# Skipper and Scooter: The Hunt for Red October



## FaeryBee (May 9, 2011)

*Skipper and Scooter
Starring In:

The Hunt for Red October





Directed by Peachy

​*


----------



## jellyblue (Aug 11, 2010)

Skipper, Scooter and Peachy. What a team!


----------



## StarlingWings (Mar 15, 2013)

Looks like the boys and the world's favorite director are starring in another hit film!
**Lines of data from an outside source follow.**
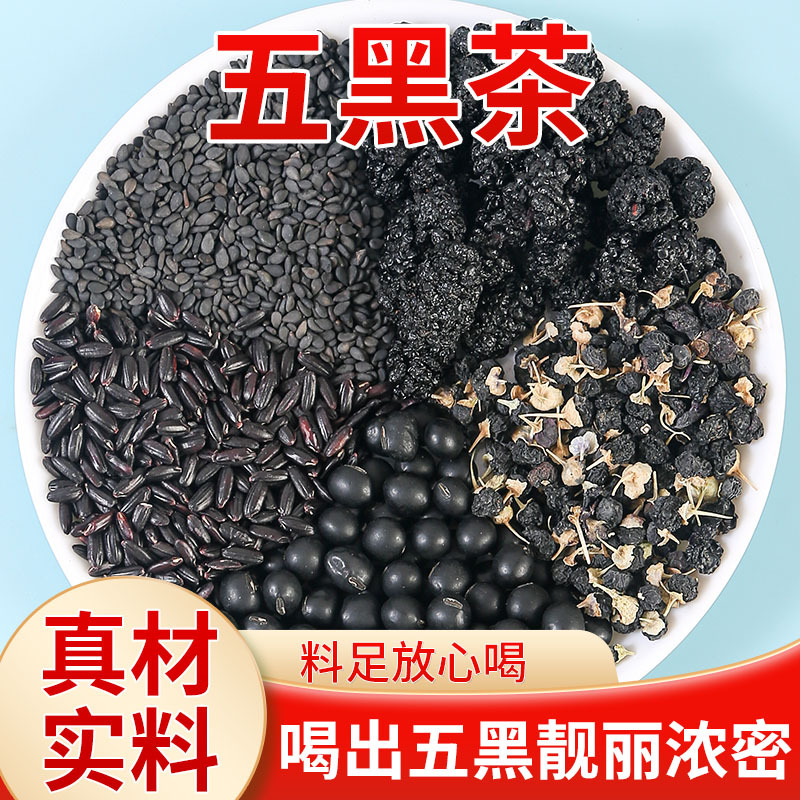 悦発茶】五黒茶養生悦発黒胡麻黒クコ黒豆黒米黒桑実養生茶夜更かし男
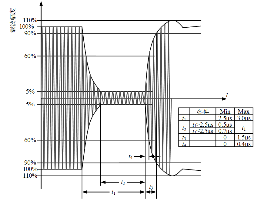 电子标签在发送命令前至少3位时内不得停止发送未调制载波。读写器在电子标签最后一个传输位结束后的第4个位时内发送命令帧的第一个下降沿。
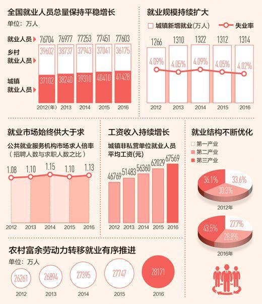 就業(yè)規(guī)模持續(xù)擴大,就業(yè)結(jié)構(gòu)不斷優(yōu)化。看產(chǎn)業(yè)分布,服務業(yè)成為吸納就業(yè)主體?闯青l(xiāng)分布,城鎮(zhèn)就業(yè)人員比重由2012年的48.4%提高到2016年的53.4%,鄉(xiāng)村就業(yè)比例降為46.6%,城鄉(xiāng)就業(yè)格局發(fā)生歷史性轉(zhuǎn)變。
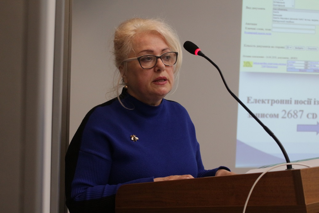 Насамперед розглянули комунікативне перезавантаження бібліотеки в період карантинних обмежень: досвід роботи за 2021 рік. Доповідала директор Наукової бібліотеки Марія Медведь: «Після введення в дію розпорядження про перехід навчання в УжНУ в дистанційну форму, віртуальна комунікація стала можливою завдяки платформам Zoom та Moodle. Бібліотека університету теж зуміла протистояти виклику карантинних обмежень, оскільки завчасно подбала про можливість надавати свої послуги дистанційно. Нову стратегію роботи бібліотеки ми назвали комунікативним перезавантаженням. Його основою стали дистанційні послуги університетської бібліотеки. Передусім це перегляд наявних видань (або електронних аналогів) у книгозбірні через електронний каталог, в якому відображено посилання на електронний формат навчальної літератури. Також отримання довідки чи консультації від працівників бібліотеки в режимі реального часу (чат, телефон, е-пошта, сторінки бібліотеки в соцмережах). Ще одною важливою послугою карантинного періоду стала електронна доставка документів. Ця сервісна послуга надає можливість користувачам отримати електронні копії повних текстів або фрагментів друкованих видань із фондів бібліотеки та репозитарію УжНУ».
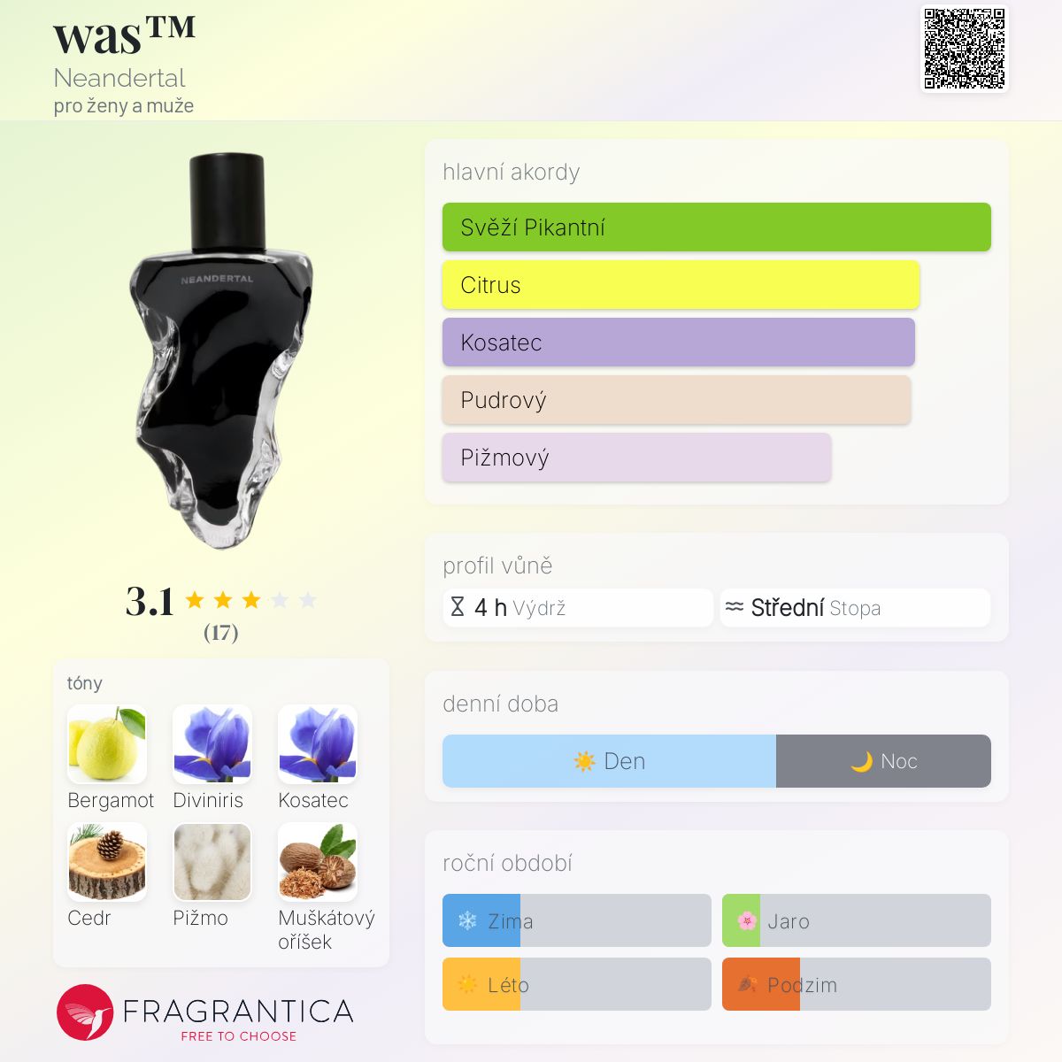 was™ podle Neandertal je Orientální Woody vůně pro ženy a muže. Toto je nová vůně. was™ byl/a uveden/a v roce 2025. Vrchní tóny jsou Bergamot, Muškátový oříšek, Maté a Kardamom; střední tóny jsouBožský kosatec, Pelargónie, Hřebíček a Skalní růže ; základní tóny jsou Cedr, Pižmo, Pačuli, Jantar (ambra), Santalové dřevo, Vanilka, Vetiver a Styrax.
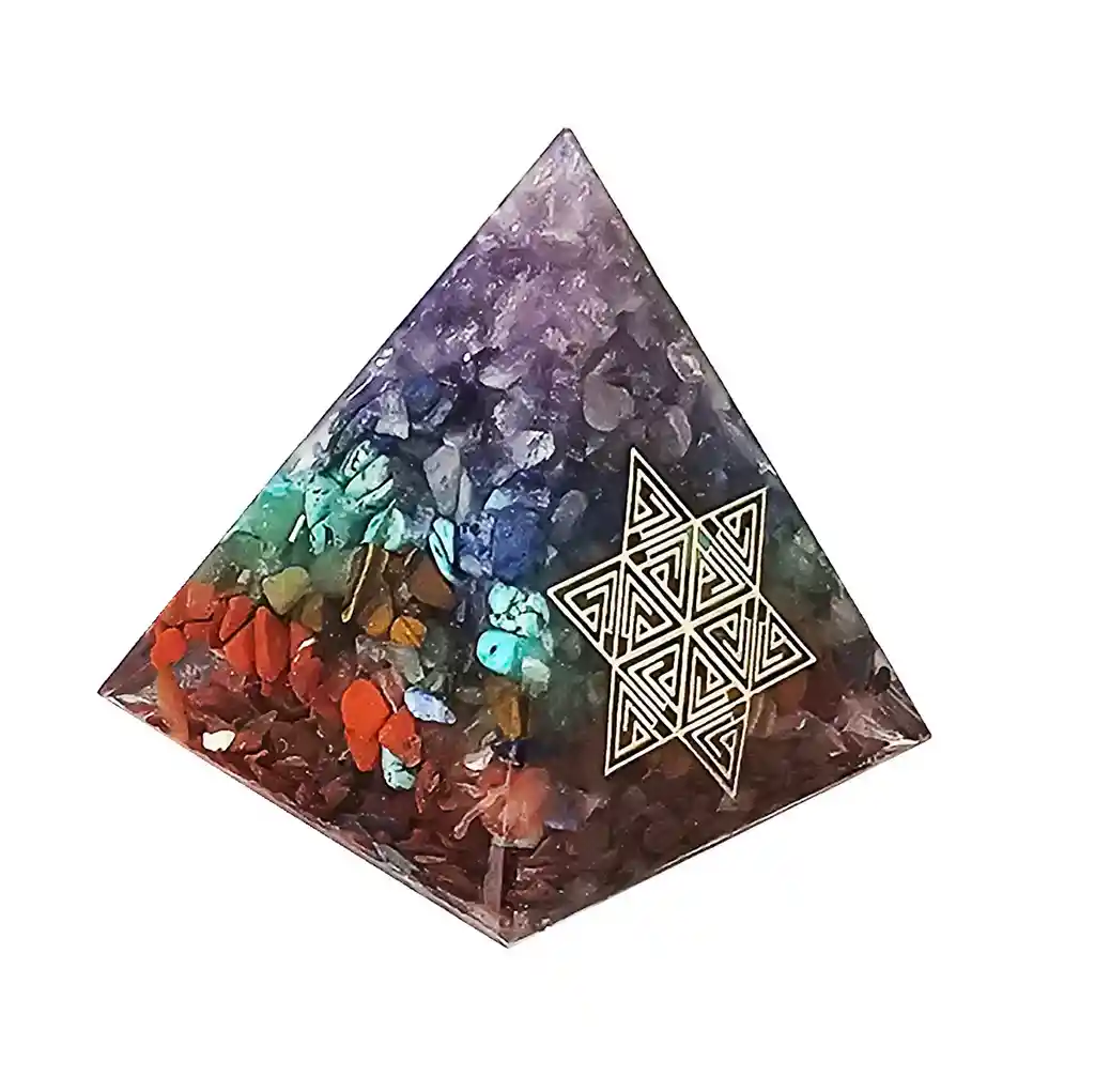 La pirámide a través de su forma geométrica mística sirve de captador de energía universal, siendo esta energía dirigida hacia nosotros por medio de su vértice. Este bella pirámide contiene las piedras de los 7 chakras de las cuales podemos mencionar amatista, citrino, turquesa, que de acuerdo a su ubicación representa la energía en diferentes partes del espacio, representando la unión entre la conciencia o la mente y la materia o el cuerpo. De esta manera nuestro ser físico, emocional, espiritual y social se unen. //Nota: Los colores de la pirámide pueden variar en su orden , estos se pueden intercalar.// Ficha Técnica: Dimensiones Base : 4,8 cm x 4,8 cm Altura: 5 cm Material: Piedra Natural - Resina - Alambre Cobre Términos de Garantía: Para defectos de fábrica o retractos: Por favor revise el producto apenas lo reciba y antes de usarlo. No aplican ley de retracto o defectos de fábrica luego de usar el producto. Se manejan máximo 5 días para reportar defectos de fábrica (por ejemplo, producto funciona mal, piezas faltantes, rotas, etc). Para hacer efectiva la devolución el producto debe devolverse con el empaque original, el cual debe estar en buen estado, incluir todos los documentos y las partes completas y sin daños. Los cuidados y recomendaciones para mantener un producto en buen estado son los siguientes: No aplicarle perfumes ni cremas directamente, no mojarlos, no dejarlos caer y procurar limpiarlos para retirar suciedad.

From the dedicated fans over here: I think they make all the movies even better!  

They look very classy in their little hats


----------



## Jonah (Feb 3, 2013)

....No doubt if Tom Clancey see's this, there will be another book...and why not, with team skipooter at the helm, the material possibilities are endless....love the hat's.... :laughing1:


----------



## FaeryBee (May 9, 2011)

*


jellyblue said:



Skipper, Scooter and Peachy. What a team!

Click to expand...

 The three of them together can cook up some trouble for sure, Susan! 



StarlingWings said:



Looks like the boys and the world's favorite director are starring in another hit film! From the dedicated fans over here: I think they make all the movies even better! 
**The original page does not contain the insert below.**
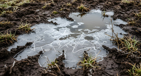 A close-up of a frozen puddle in muddy ground, showing intricate patterns and cracks on the surface of the ice. Blades of grass poke through the dark, damp soil around the puddle. The image captures a cold, wintry, and natural texture.
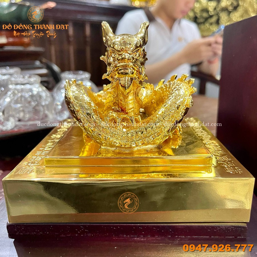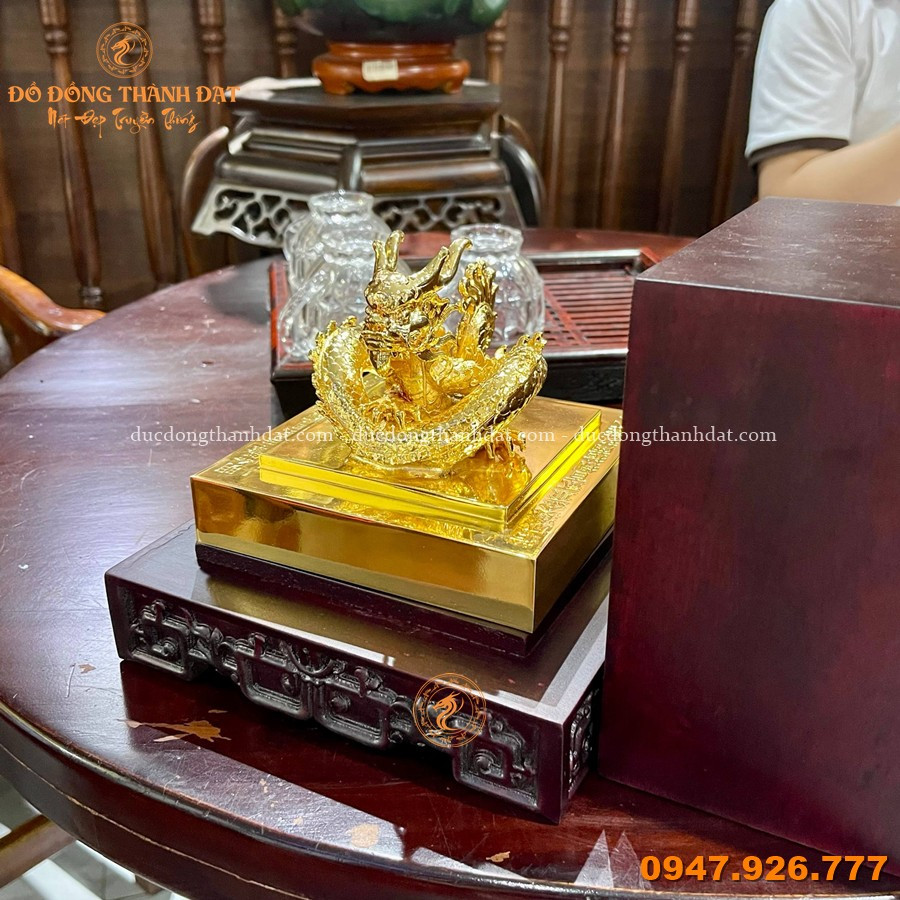 Thiết kế đế vuông vững chãi tượng trưng cho nền tảng bền vững, kết hợp cùng rồng uy nghi phía trên tạo nên tổng thể hài hòa giữa quyền uy và tài lộc.

They look very classy in their little hats 

Click to expand...

Thank you! The boys think their remakes of the films are much better than the originals! 



Jonah said:



....No doubt if Tom Clancey see's this, there will be another book...and why not, with team skipooter at the helm, the material possibilities are endless....love the hat's.... :laughing1:

Click to expand...

Hmmmm, maybe I should post the picture on Tom Clancey's facebook page.  Thanks for the great idea, Randy!
:laughing:*


----------



## StarlingWings (Mar 15, 2013)

FaeryBee said:


> *
> Hmmmm, maybe I should post the picture on Tom Clancey's facebook page.  Thanks for the great idea, Randy!
> :laughing:*


_Hi Mr. Clancey: My birds are better than you. That is all. _

:laughing:


----------



## FaeryBee (May 9, 2011)

*


StarlingWings said:



Hi Mr. Clancey: My birds are better than you. That is all. 

:laughing:

Click to expand...

Well... I wasn't planning to put it QUITE like that but... OK! :laugh:*


----------



## Jedikeet (Feb 3, 2014)

O-M-G! Hahahaha. It appears that Skipooter has now signed new deals with Paramount Pictures (rights owner of Top Gun, Hunt For Red October, and all of the other film adaptions of Tom Clancy's novels).
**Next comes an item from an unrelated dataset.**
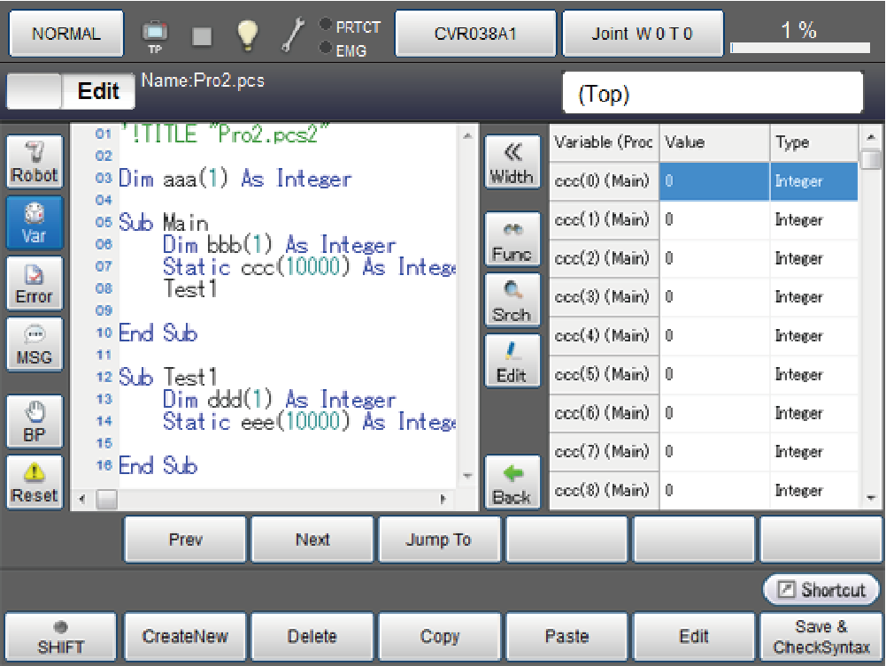 | Func | Display all the variables available within the procedure. (except for global variables) | |
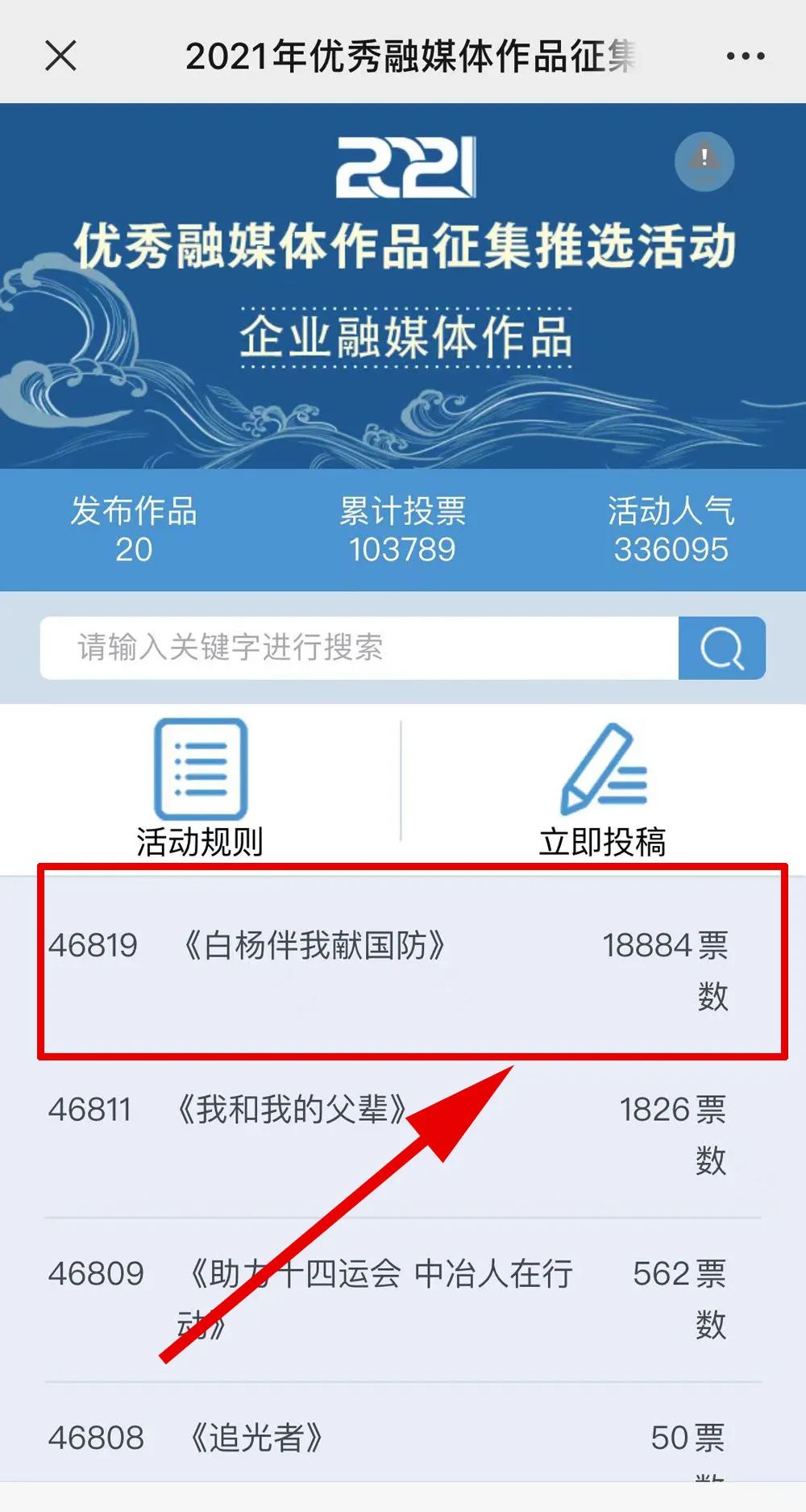近日,由“文化強國”光明日報協(xié)同推廣平臺、光明網(wǎng)、北京師范大學新媒體傳播研究中心和光明天翼5G融媒實驗室共同主辦的“2021年優(yōu)秀融媒體作品征集推選活動”開啟線上投票環(huán)節(jié),經(jīng)過專家委員會評審,中國兵器工業(yè)集團北重集團《白楊伴我獻國防》音樂MV入選活動前二十名,并進入網(wǎng)絡投票環(huán)節(jié)。 《白楊伴我獻國防》 楊樹參天 高聳云端的是兵工人 “履行好強軍首責”的壯志凌云! 深植北疆 傾獻沃土的是北重人 “推動高質(zhì)量發(fā)展”的壯志豪情! 白楊樹伴著我們茁壯成長 見證著我們獻身國防! 投票方式 1.掃描下方二維碼,進入初始界面,點擊“企業(yè)融媒體作品征集”,進入投票界面點擊《白楊伴我獻國防》,點擊“投TA一票”; 2. 每人每日可投10票,直至提示投票達到上限即可; 3.投票時間:2022年3月17日09:00-2022年4月2日17:00。 來源/光明網(wǎng)、北重集團 |

By the look of their hats, Skipper is without a doubt Capt. Marko Ramius...but I'm not too sure about Scooter as CIA analyst Jack Ryan. 

Captain: "Down periscope depth, right rudder 20 degrees and maintain present course and speed at 30 knots, Caterpillar Drive engaged." (Sir Skip in his flawless, distinguished, Scottish and very manly Sean Connery voice)

Scoot, opps...I mean, Jack: "AYE AYE SKIPPER! Yay, I finally get to use this line!"

A very frustrated Dir. Peachy B DeMille: "CUT! CUT! If you deviate from the script one more time you're FIRED, Scoot!"


----------



## FaeryBee (May 9, 2011)

*


Jedikeet said:



Captain: "Down periscope depth, right rudder 20 degrees and maintain present course and speed at 30 knots." (Sir Skip in his flawless and distinguished Scottish and very manly Sean Connery voice)

Click to expand...

Oh, I'd love to hear Skipper sounding like Sean Connery when he talks but shouldn't he have a Russian accent for "Hunt for Red October?"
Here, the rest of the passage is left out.